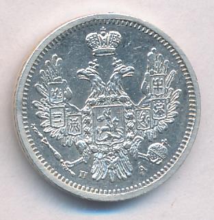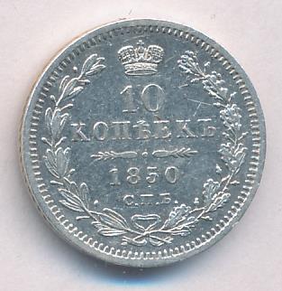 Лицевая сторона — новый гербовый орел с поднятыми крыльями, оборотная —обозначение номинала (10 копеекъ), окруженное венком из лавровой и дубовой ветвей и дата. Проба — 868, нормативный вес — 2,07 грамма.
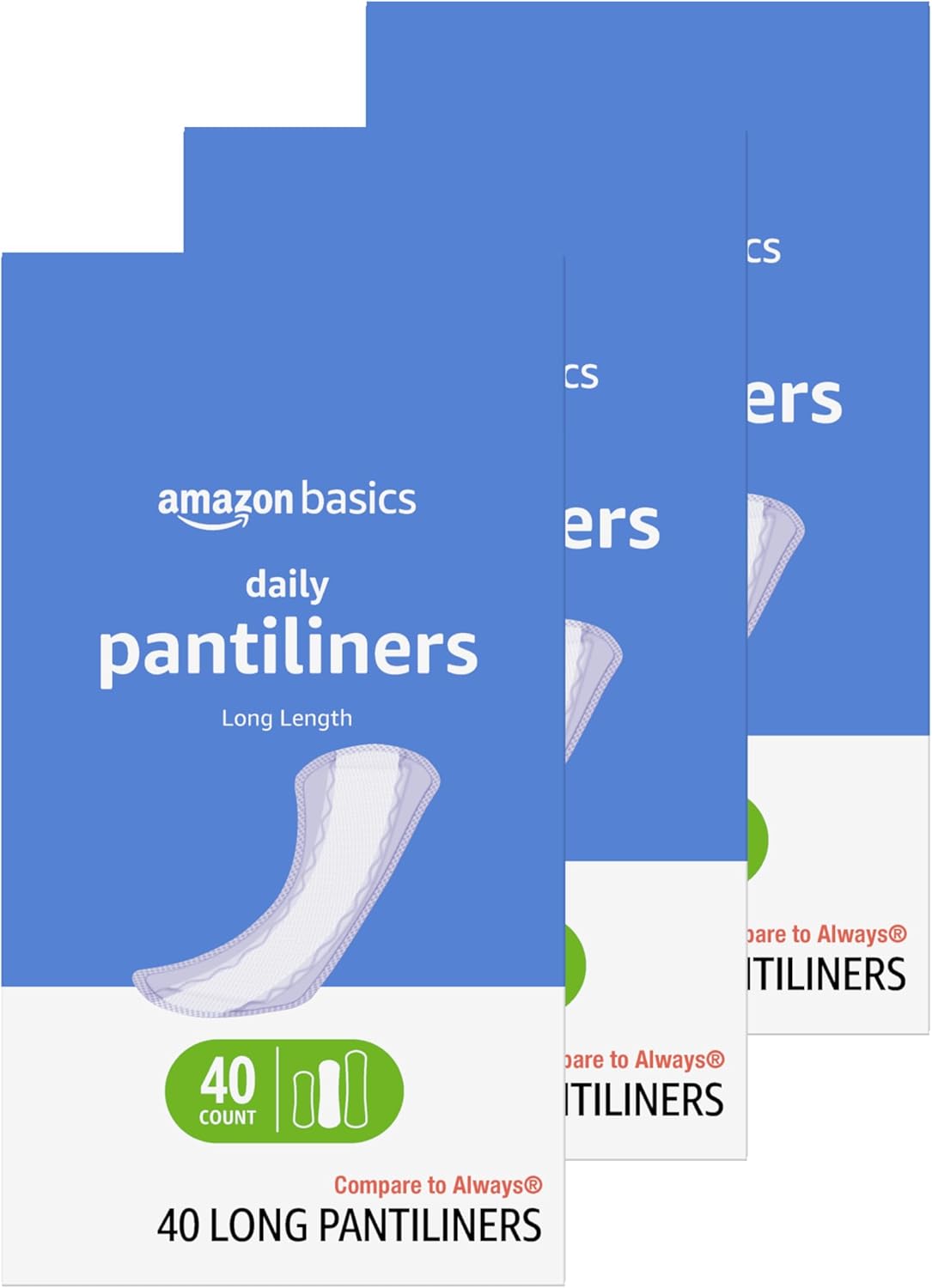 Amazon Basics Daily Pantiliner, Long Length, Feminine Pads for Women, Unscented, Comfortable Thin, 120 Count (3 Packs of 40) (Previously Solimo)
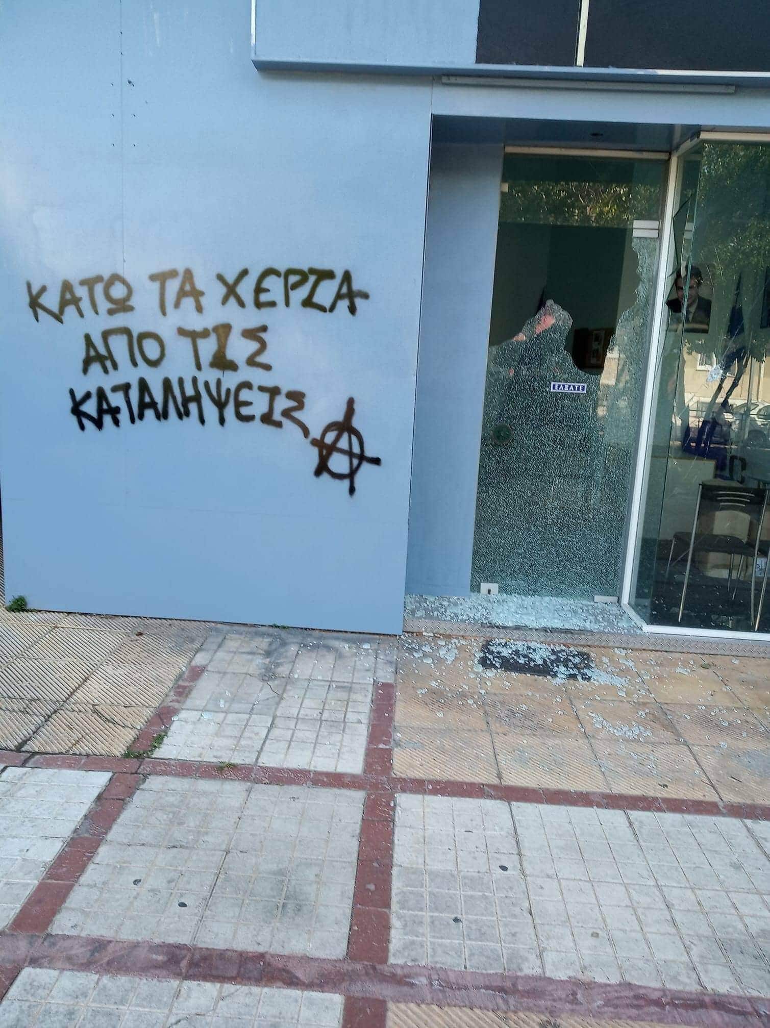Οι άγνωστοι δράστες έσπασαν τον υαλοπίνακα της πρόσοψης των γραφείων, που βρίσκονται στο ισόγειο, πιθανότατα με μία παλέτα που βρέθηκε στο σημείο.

———

* [BRIEF]: Restate the whole listing exactly as written, minus the pictures.

* [OUTPUT OF THE EXERCISE]:
 Лицевая сторона — новый гербовый орел с поднятыми крыльями, оборотная —обозначение номинала (10 копеекъ), окруженное венком из лавровой и дубовой ветвей и дата. Проба — 868, нормативный вес — 2,07 грамма.
 Amazon Basics Daily Pantiliner, Long Length, Feminine Pads for Women, Unscented, Comfortable Thin, 120 Count (3 Packs of 40) (Previously Solimo)
Οι άγνωστοι δράστες έσπασαν τον υαλοπίνακα της πρόσοψης των γραφείων, που βρίσκονται στο ισόγειο, πιθανότατα με μία παλέτα που βρέθηκε στο σημείο.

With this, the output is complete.